(Dataset items)
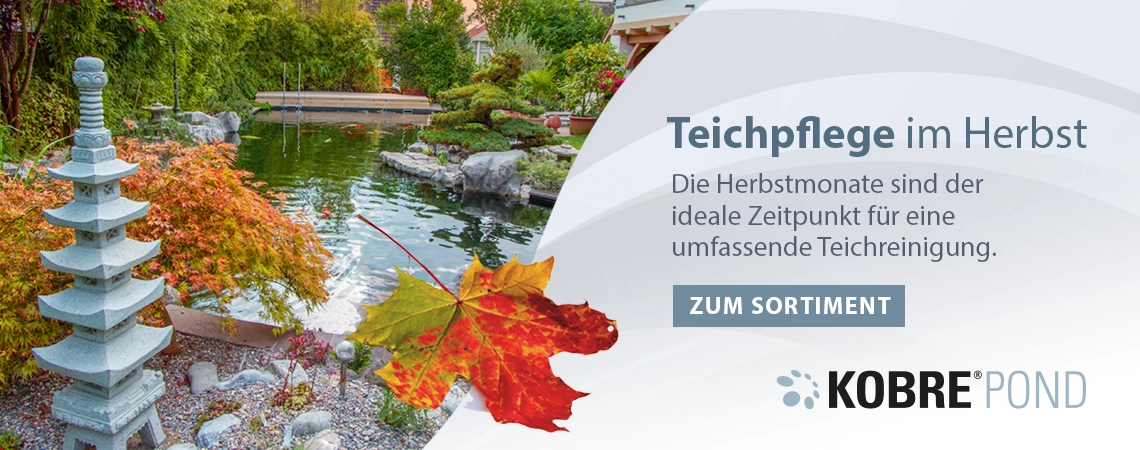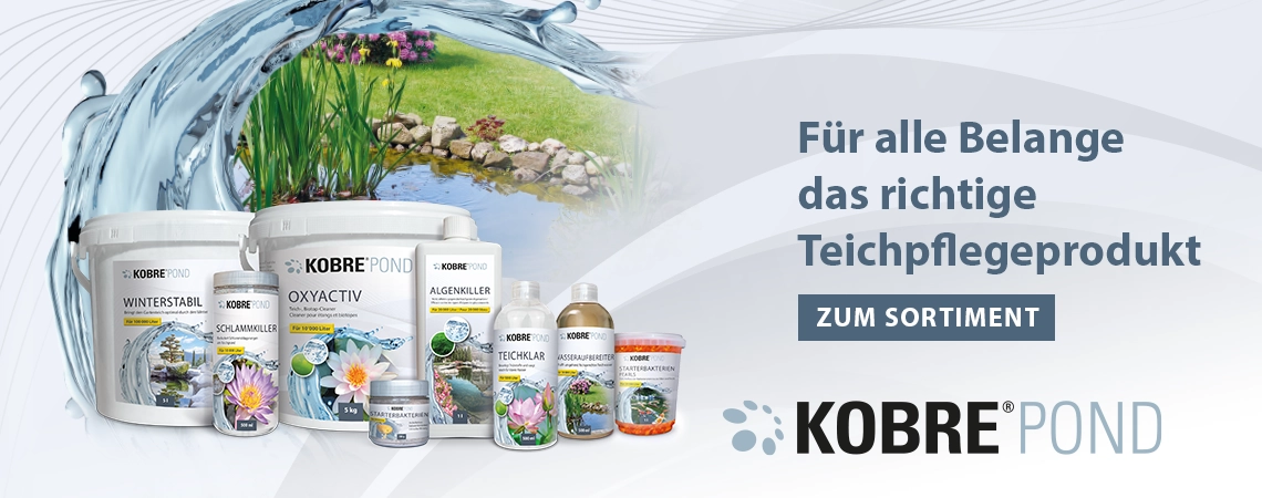 Entdecken Sie jetzt unser Sortiment KOBRE®POND – die effektive Pflegelinie für Ihren Gartenteich. Ob Algenkontrolle, Sauerstoffversorgung oder Winterstabilität: Mit unseren Produkten sorgen Sie ganz einfach für ein natürliches Gleichgewicht im Wasser und ein gesundes Teichklima.
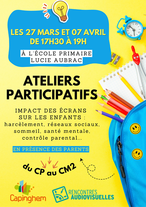 La mairie de capinghem vous propose pour la deuxième année et dans le cadre de la lutte contre le harcèlement deux ateliers sur l'impact des écrans sur les enfants et la présentation des réseaux sociaux.
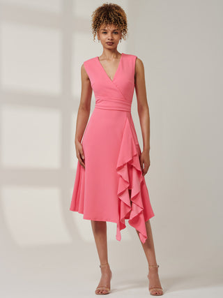 Priya Frill Dipped Hem Dress, Red
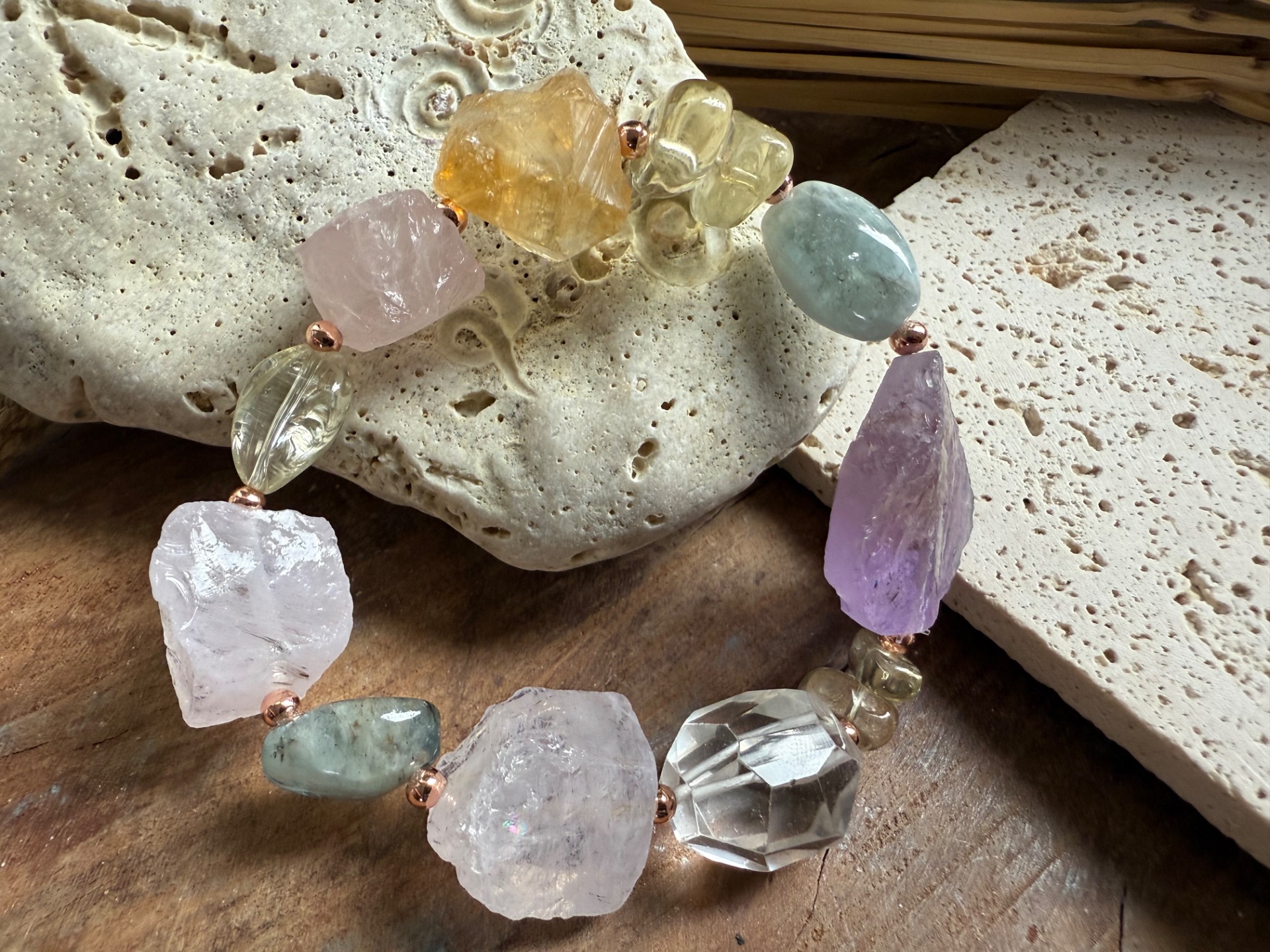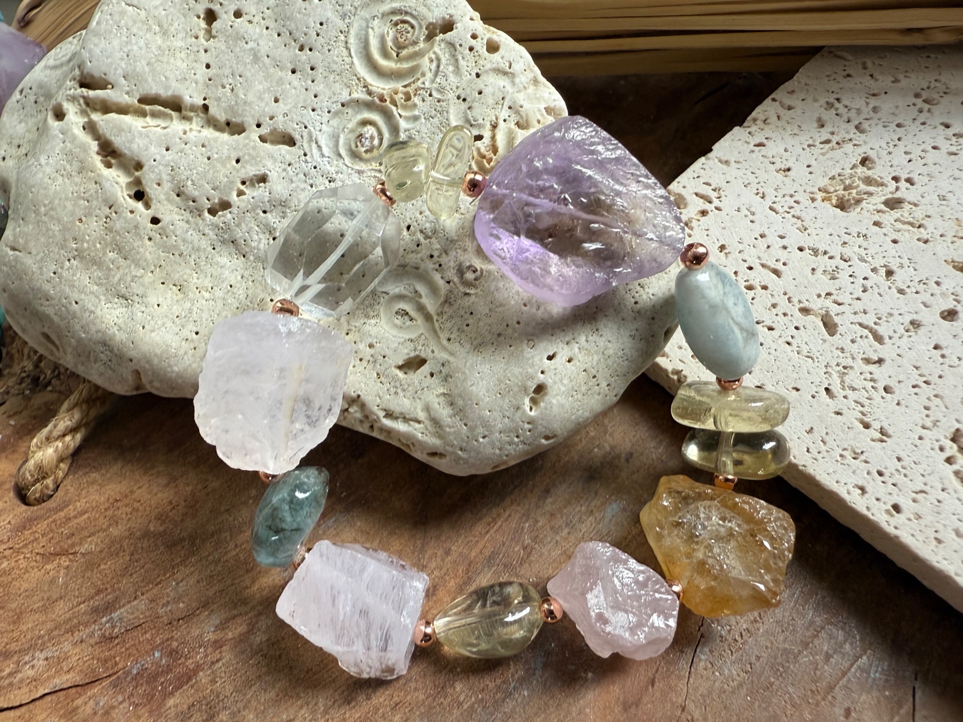 Obsahuje veľký ametyst, fazetovaný krištáľ, surový krištál, surový ruženín, surový citrín, aquamarín, nugety a citrónový kremeň – každý kameň má svoj jedinečný tvar, farbu a energiu.
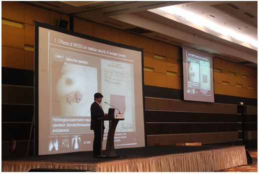 第三天會(huì)議繼續(xù)進(jìn)行,來自中國中西醫(yī)結(jié)合學(xué)會(huì)燒傷專業(yè)委員會(huì)國際部主任舒葉被安排在全體會(huì)議中第一個(gè)發(fā)言。他演講的題目是再生醫(yī)療技術(shù)在癌癥創(chuàng)面的應(yīng)用,這一世界性難題用美寶再生科學(xué)的解決吸引了所有與會(huì)代表的眼球。舒葉主任先從再生醫(yī)療技術(shù)成功治療典型病例入手,深入分析三例皮膚癌患者在手術(shù)切除、放療等治療后,殘余創(chuàng)面應(yīng)用再生醫(yī)療技術(shù)成功抑制創(chuàng)面殘余癌細(xì)胞生長的病例。然后,重點(diǎn)展示對(duì)癌癥細(xì)胞在再生物質(zhì)環(huán)境下分別培養(yǎng)和共培養(yǎng)結(jié)果的基礎(chǔ)研究。單獨(dú)培養(yǎng)的結(jié)果表明再生物質(zhì)環(huán)境下,癌細(xì)胞會(huì)快速死亡;非再生物質(zhì)環(huán)境下,癌細(xì)胞會(huì)迅速增殖分化,正常細(xì)胞會(huì)迅速被癌細(xì)胞吞噬。癌細(xì)胞和正常細(xì)胞的共培養(yǎng)結(jié)果顯示,在再生物質(zhì)環(huán)境下,正常細(xì)胞會(huì)逐漸增殖、分化形成新的組織;而在對(duì)照組中,癌細(xì)胞會(huì)迅速擴(kuò)張,正常細(xì)胞消失?;A(chǔ)研究的結(jié)果表明再生物質(zhì)具有抑制并殺死癌細(xì)胞,同時(shí)促進(jìn)正常細(xì)胞生長的雙重功效。結(jié)合臨床真實(shí)的病例展示,再生醫(yī)療技術(shù)在癌癥方面的功效及研究吸引了全體與會(huì)人員的關(guān)注。會(huì)后,多名醫(yī)生詢問具體情況,并索要相關(guān)論文,要在當(dāng)?shù)亻_展使用。
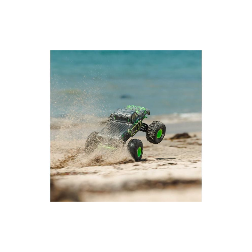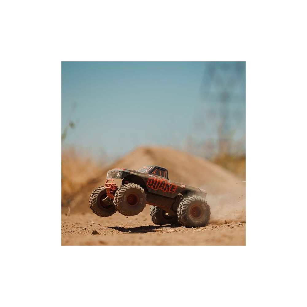 Az Arrma Quake a népszerű monster truck modellek klasszikus konstrukciójával rendelkezik, magas hasmagassággal és nagy kerekekkel, ami lehetővé teszi, hogy szinte bármilyen környezetben versenyezzen - terepen, füvön, parkolóban és aszfaltfelületen. Különösen nehéz terepen és nagy egyenetlenségeken való vezetéskor lesz verhetetlen. A kompozit alváz még az erős ütéseket is ellenállja. A használt fém fogaskerekek kellően tartósak a váltakozó áramú meghajtáshoz. A maximális tapadást a bevált dBoots Cut Chevron MT gumiabroncsok biztosítják, tipikus nyílmintázattal. A Spektrum SLT adó biztonságos működést biztosít meghibásodások nélkül, a gondtalan vezetés érdekében a modell vízálló* alkatrészeket használ - Spektrum 2 az 1-ben 45A vevőszabályozót és Spektrum S681 szervo vezérlést nagy nyomatékkal.
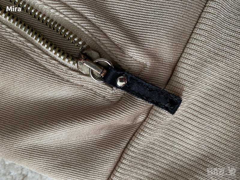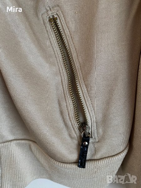 Дамски бежово златист суичер на Miss Sixty, без конкретни забележки освен кожената част на ципа, която е напукана вижда се на снимките.. Размер М, отговаря си, но става и за S
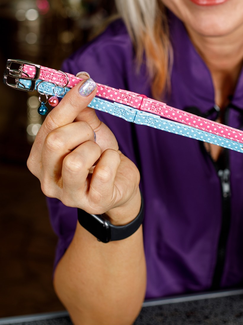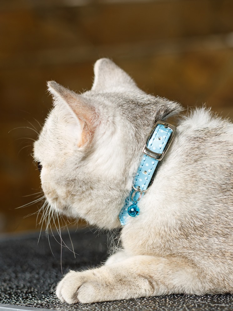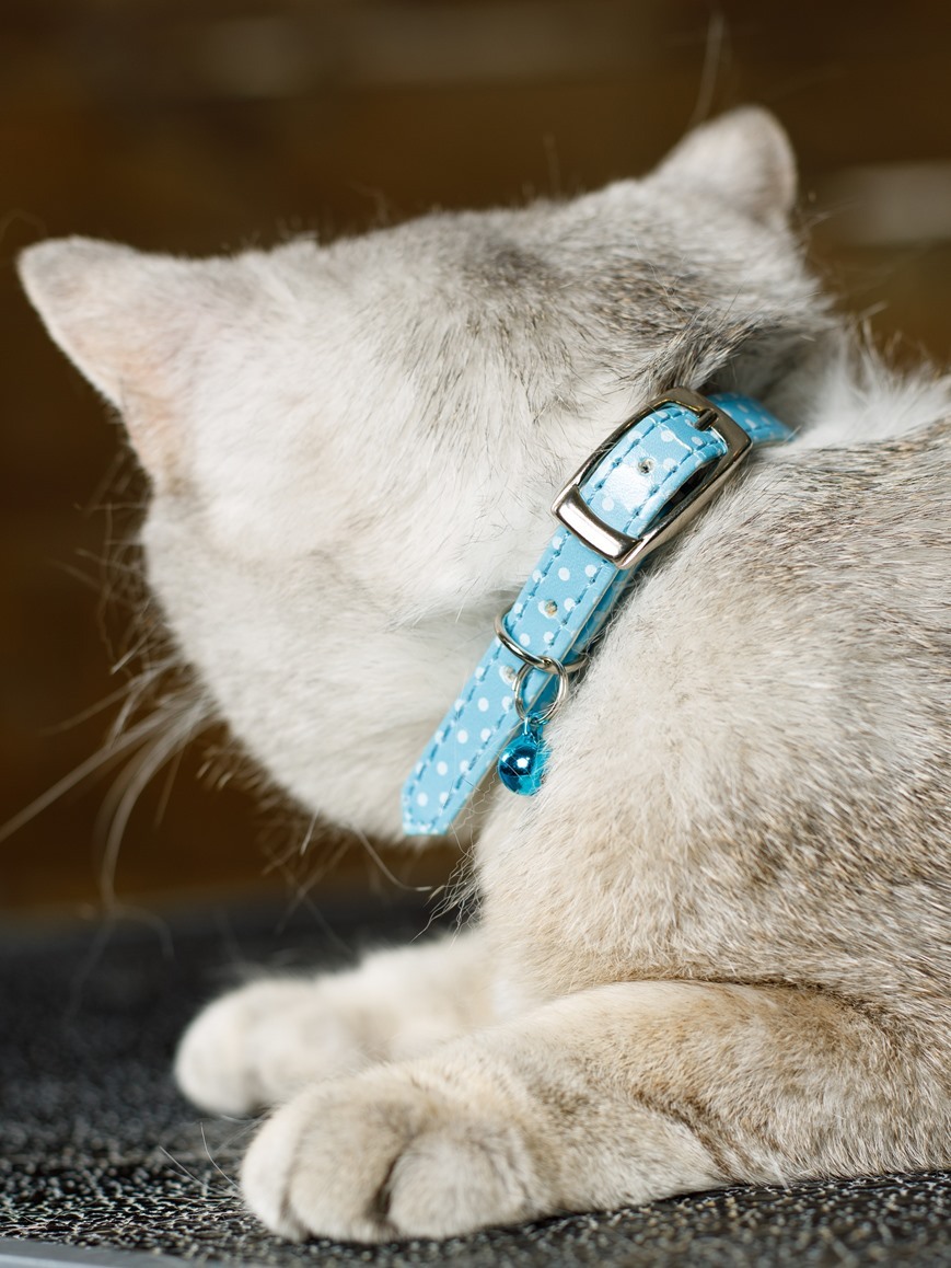 Изысканный ошейник для кошек с колокольчиком из мягкой эко-кожи с двух сторон. БЕЗОПАСНЫЙ: скрытые резинки не позволяют ошейнику туго затянуться. ДОЛГОВЕЧНЫЙ: эко-кожа обработана по особой технологии – ультра-кортингом (ультра-полировка), что придает особой блеск и обеспечивает длительную эксплуатацию. Не промокает в воде и позволяет сочетать в себе практичность и яркость. Вес до 7 кг, обхват шеи 19-23 см. Голубой
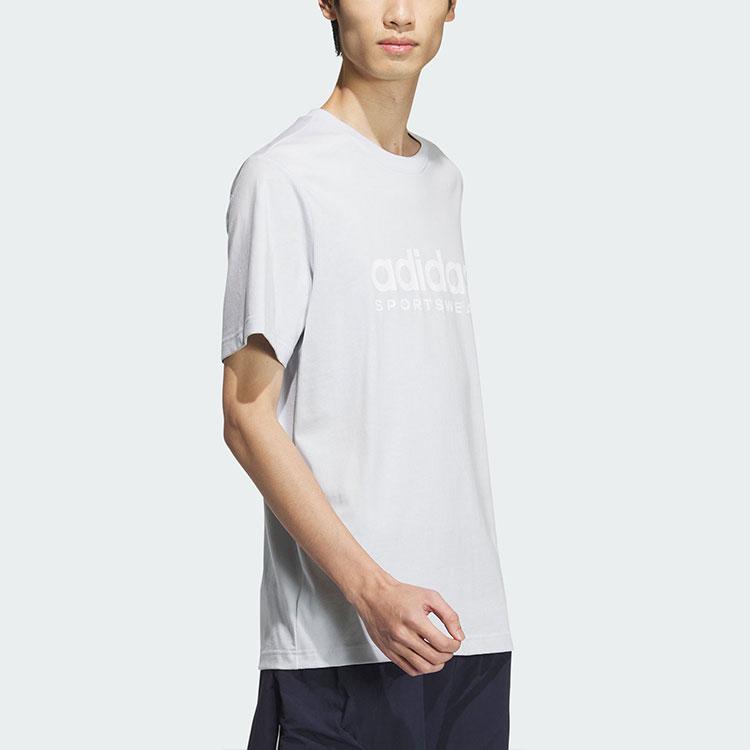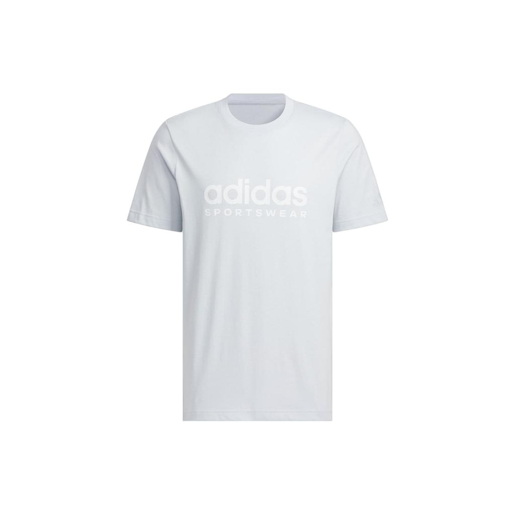 Adidas Футболка унисекс с коротким рукавом и круглым вырезом, дышащая, с принтом букв, светло-голубая JI9071
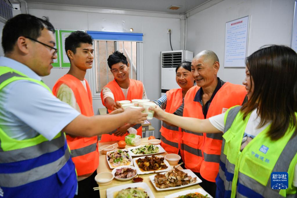 今年53歲的張志軍是中建三局西北公司的一名木工,早年外出務(wù)工的他曾赴北京、新疆、山東、甘肅等地工作,常年來(lái)與生活在四川老家的妻兒聚少離多。2010年,張志軍的妻子陳瓊賢也加入務(wù)工隊伍與丈夫相伴,與兩個(gè)兒子經(jīng)常相距千里。2013年,大兒子張勁松開(kāi)始跟隨父母工作。今年中秋節前夕,小兒子張虎從學(xué)校畢業(yè)后也應聘來(lái)到工地,一家四口時(shí)隔多年終于能夠在團圓中度過(guò)中秋佳節。建設方得知此事,專(zhuān)門(mén)為張志軍一家人安排了團圓飯表示祝福。
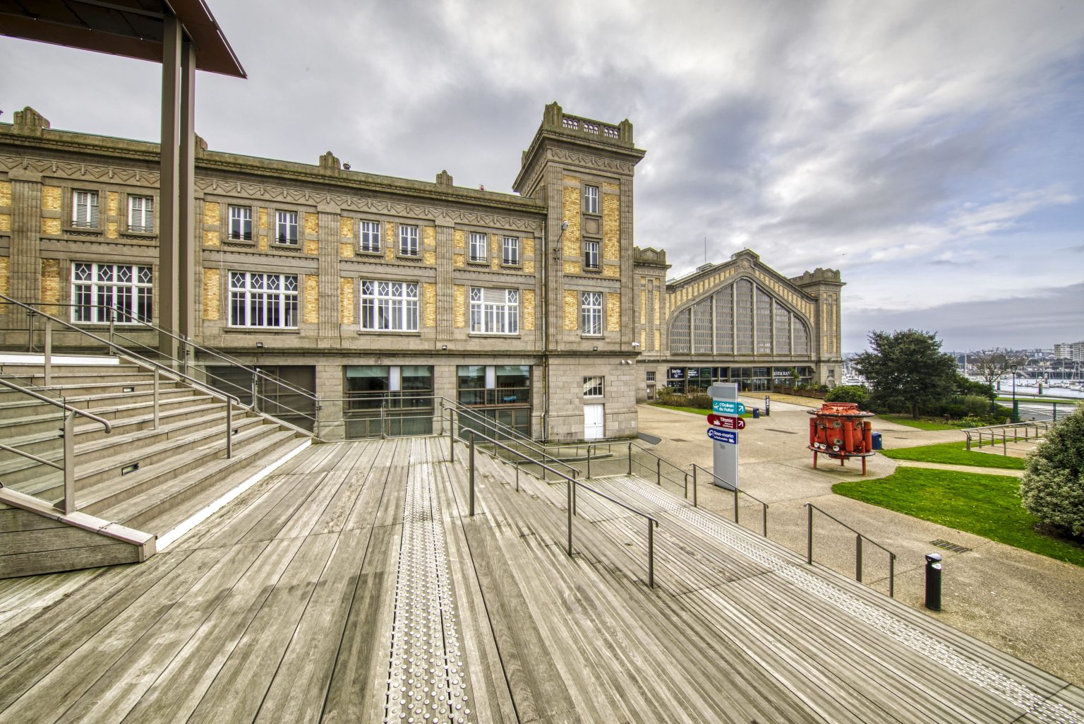 Le grand hall de la Cité de la mer, en accès gratuit, est d’emblée digne d’intérêt puisque l’on y distingue encore les emplacements des voies et des quais des trains qui déversaient les voyageurs pour que ceux-ci puissent emprunter les escaliers en direction des salles d’embarquement.

→ **What you need to do**
An exact transcription is needed of the lines from the one with "La mairie de" to the one with "Дамски бежово златист" above, both ends included, with pictures left out.

→ **Response to the exercise**
 La mairie de capinghem vous propose pour la deuxième année et dans le cadre de la lutte contre le harcèlement deux ateliers sur l'impact des écrans sur les enfants et la présentation des réseaux sociaux.
 Priya Frill Dipped Hem Dress, Red
 Obsahuje veľký ametyst, fazetovaný krištáľ, surový krištál, surový ruženín, surový citrín, aquamarín, nugety a citrónový kremeň – každý kameň má svoj jedinečný tvar, farbu a energiu.
 第三天會(huì)議繼續(xù)進(jìn)行,來自中國中西醫(yī)結(jié)合學(xué)會(huì)燒傷專業(yè)委員會(huì)國際部主任舒葉被安排在全體會(huì)議中第一個(gè)發(fā)言。他演講的題目是再生醫(yī)療技術(shù)在癌癥創(chuàng)面的應(yīng)用,這一世界性難題用美寶再生科學(xué)的解決吸引了所有與會(huì)代表的眼球。舒葉主任先從再生醫(yī)療技術(shù)成功治療典型病例入手,深入分析三例皮膚癌患者在手術(shù)切除、放療等治療后,殘余創(chuàng)面應(yīng)用再生醫(yī)療技術(shù)成功抑制創(chuàng)面殘余癌細(xì)胞生長的病例。然后,重點(diǎn)展示對(duì)癌癥細(xì)胞在再生物質(zhì)環(huán)境下分別培養(yǎng)和共培養(yǎng)結(jié)果的基礎(chǔ)研究。單獨(dú)培養(yǎng)的結(jié)果表明再生物質(zhì)環(huán)境下,癌細(xì)胞會(huì)快速死亡;非再生物質(zhì)環(huán)境下,癌細(xì)胞會(huì)迅速增殖分化,正常細(xì)胞會(huì)迅速被癌細(xì)胞吞噬。癌細(xì)胞和正常細(xì)胞的共培養(yǎng)結(jié)果顯示,在再生物質(zhì)環(huán)境下,正常細(xì)胞會(huì)逐漸增殖、分化形成新的組織;而在對(duì)照組中,癌細(xì)胞會(huì)迅速擴(kuò)張,正常細(xì)胞消失?;A(chǔ)研究的結(jié)果表明再生物質(zhì)具有抑制并殺死癌細(xì)胞,同時(shí)促進(jìn)正常細(xì)胞生長的雙重功效。結(jié)合臨床真實(shí)的病例展示,再生醫(yī)療技術(shù)在癌癥方面的功效及研究吸引了全體與會(huì)人員的關(guān)注。會(huì)后,多名醫(yī)生詢問具體情況,并索要相關(guān)論文,要在當(dāng)?shù)亻_展使用。
 Az Arrma Quake a népszerű monster truck modellek klasszikus konstrukciójával rendelkezik, magas hasmagassággal és nagy kerekekkel, ami lehetővé teszi, hogy szinte bármilyen környezetben versenyezzen - terepen, füvön, parkolóban és aszfaltfelületen. Különösen nehéz terepen és nagy egyenetlenségeken való vezetéskor lesz verhetetlen. A kompozit alváz még az erős ütéseket is ellenállja. A használt fém fogaskerekek kellően tartósak a váltakozó áramú meghajtáshoz. A maximális tapadást a bevált dBoots Cut Chevron MT gumiabroncsok biztosítják, tipikus nyílmintázattal. A Spektrum SLT adó biztonságos működést biztosít meghibásodások nélkül, a gondtalan vezetés érdekében a modell vízálló* alkatrészeket használ - Spektrum 2 az 1-ben 45A vevőszabályozót és Spektrum S681 szervo vezérlést nagy nyomatékkal.
 Дамски бежово златист суичер на Miss Sixty, без конкретни забележки освен кожената част на ципа, която е напукана вижда се на снимките.. Размер М, отговаря си, но става и за S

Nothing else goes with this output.